Lightweight Asynchronous Snapshots
10 Feb
LEC 12: Amazon Dynamo: Decentralization.
Dynamo, Gossip protocol in cassandra
7 14 Feb
17 Feb
20 Feb
Project proposal DUE
8 21 Feb
LEC 13: Amazon Dynamo: Eventual consistency. Introduce Lab 3.
Dynamo, CRDT
24 Feb
LEC 14: Replicated state machines, leader election in Raft.
9 28 Feb
Semester break
3 Mar
LEC 15: Other safety properties in Raft. Linearizability.
6 Mar
Lab 3 DUE
10 7 Mar
LEC 16: Improve read throughput, give up on linearizability of reads. Zookeeper
10 Mar
LEC 17: Distributed transactions.
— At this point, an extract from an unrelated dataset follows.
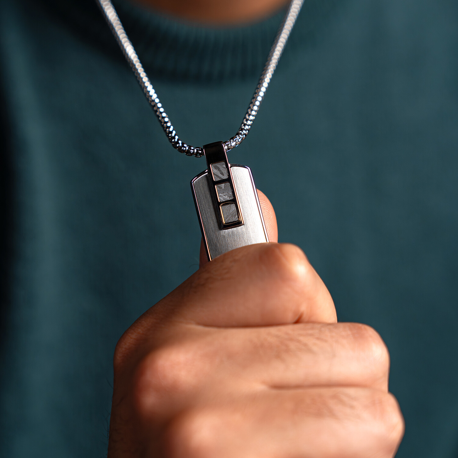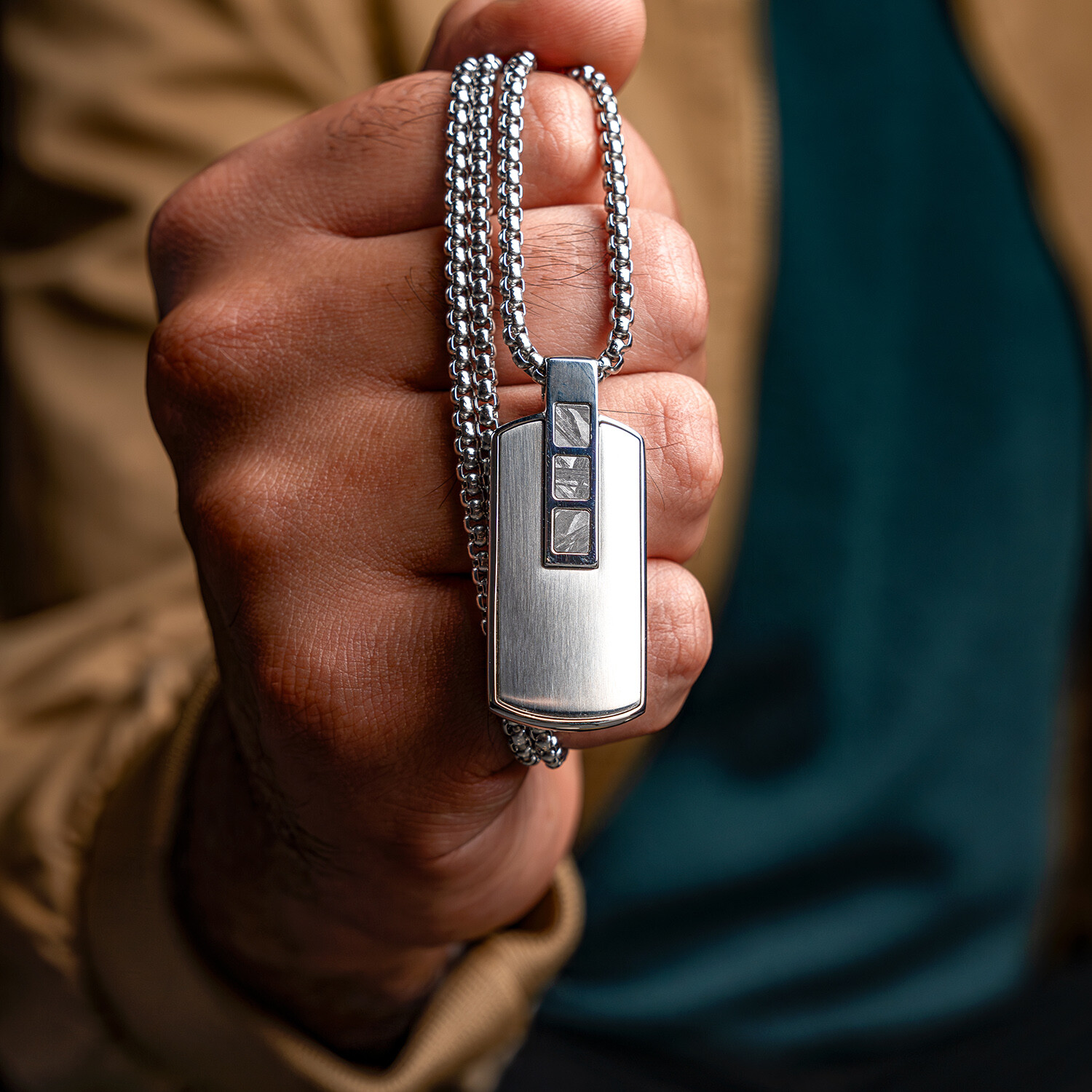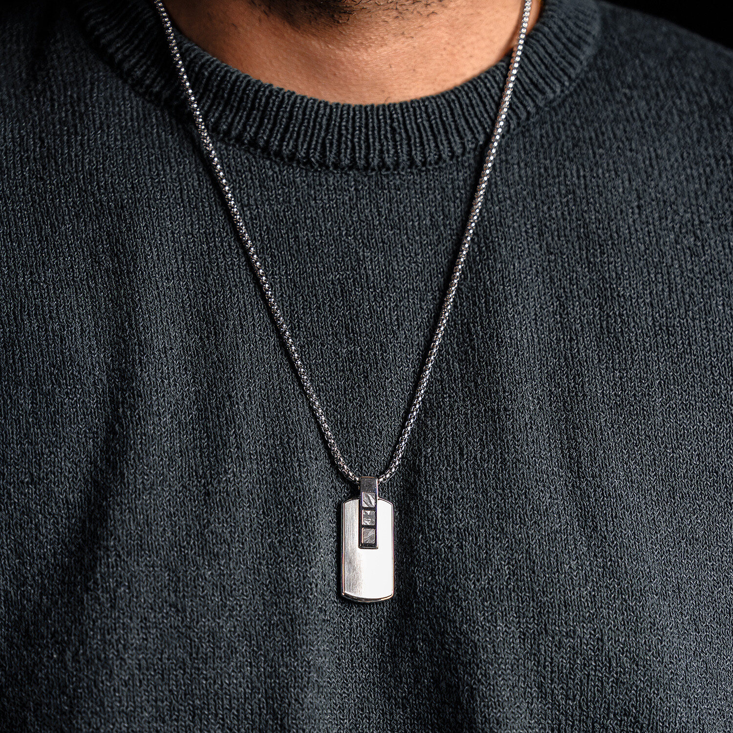 Duxot Accelero Stainless Steel + Meteorite Dog Tag Necklace // 25.6"

Serializability, 2-phase commit.
11 14 Mar
LEC 18: OS background for virtualization. OS book
17 Mar
LEC 19: Popek-Goldberg theorem. CPU/memory Paravirtualization in Xen.
12 21 Mar
Instructor affected by viral. Makeup class on Apr 2.
24 Mar
LEC 20: I/O virtualization. Parts of VMWare paper
27 Mar
Project DUE
13 28 Mar
Project presentations
Self-study: Containers: Lec 11
31 Mar
Project presentations
Self-study: Containers: Lec 11
2 Apr
LEC 21: Hardware assisted virtualization. KVM Nested paging
Encouraging student comments after the course
I found this course to be very thought provoking and knowledgeable. I feel it has given me a wide variety of knowledge in the systems domain. All the topics covered in class were presented in a very connected manner which really helped grasp the bigger picture and also with the retention of knowledge. Overall, I quite liked the course and contents covered here.

Thanks for organising such a great course where we learn many new concepts which are never taught anywhere we just see the implementations of these concepts in real world. I had never seen such transparency in rubrics, grading in any course. I enjoyed and learned at the same time in entire duration of course.

It was a very good course. Had a lot of fun learning about distributed systems.